To hold that a corporation is a person with citizenship rights simply does not
square with the Declaration of Independence. All men may be created equal
in relation to each other, but not necessarily in relation to corporations or,
under Citizens United, in relation to how corporations may empower some
individuals relative to others. There is great inequality between corporations,
no equality of individual and corporate “personhood,” and no equality of
individuals when one with many corporate ties may have more capacity to
influence decision-making than one with none or just a few.
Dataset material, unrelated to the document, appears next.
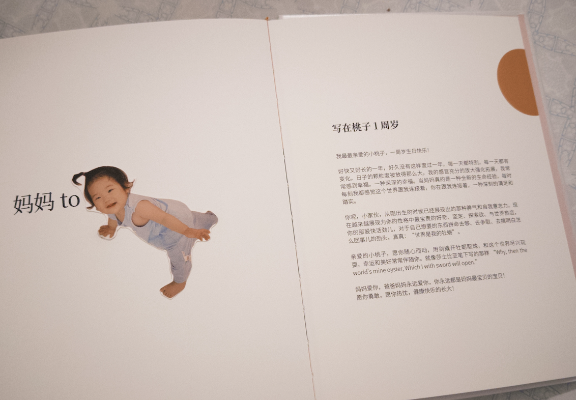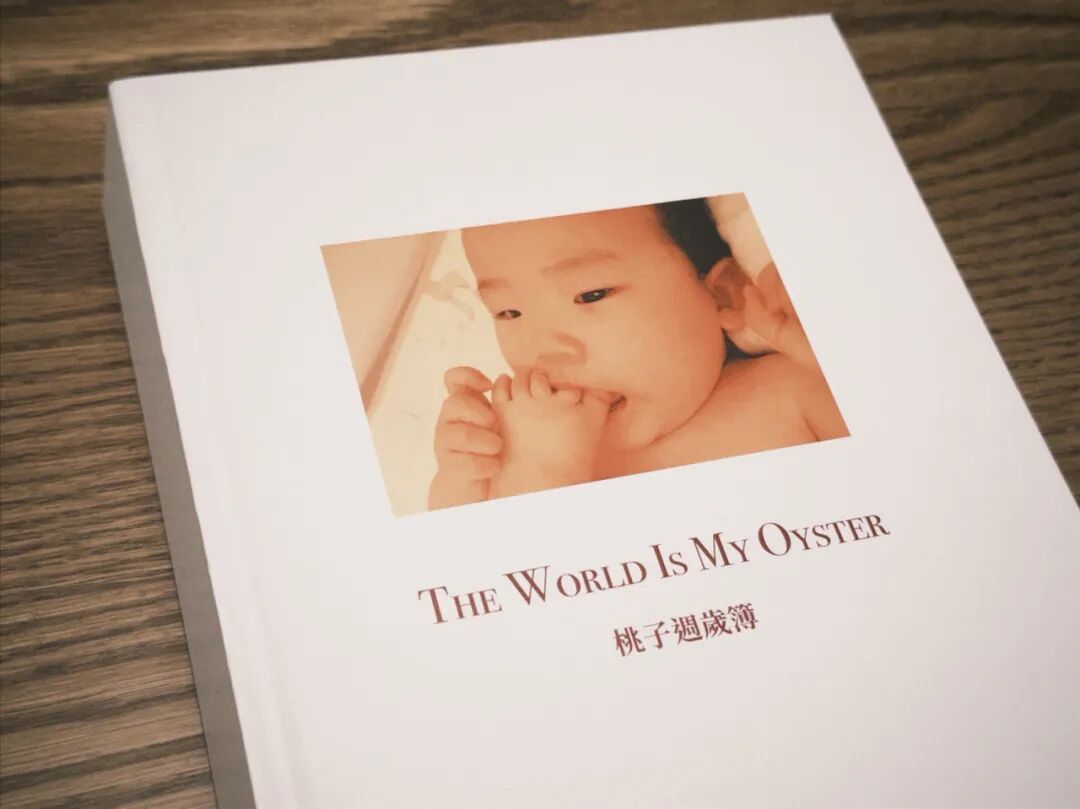 传承我们家优良传统,我也给桃子做了一本《桃子周岁簿》。现学 indeisgn 每晚在桃子睡觉以后深夜挑灯2个月,把这一年点滴日记和照片都整理出来,做了300页的大厚书,这本应该叫“桃子bible”,安顿她最早期生命的探索。“the world is my oyster” 来自莎士比亚,寓意“随心而动,这个世界是你的,去做任何你想做的事,人生所有的可能性都向你敞开”。宝宝这一年就是用这样超强的探索欲,和世界热恋。

Former Representative Leach’s words certainly ring true to me (with the one caveat that the
principle that “all men are created equal” must better include American women through the
Equal Rights Amendment). I therefore hope the majority of Nevada’s Democratic and
Republican legislators will 1) also reach Mr. Leach’s proper conclusion that freedom of speech
is meant for individuals in a true democracy, not artificial entities, and that they will 2) wisely
choose to help pass SJR4. In addition to Nevada’s legislators, I also encourage Nevada
Governor Brian Sandoval to be bipartisan and express his public support for the needed SJR4
resolution just as he did on March 7 for the SJR2 resolution to ratify the Equal Rights
Amendment even though his signature is not required on state resolutions. Thank you.
1
Leach, Jim. Citizens United: Robbing Americas of Its Democratic Idealism under American Democracy & the
Common Good. Dædalus, Journal of the American Academy of Arts & Sciences. 2013.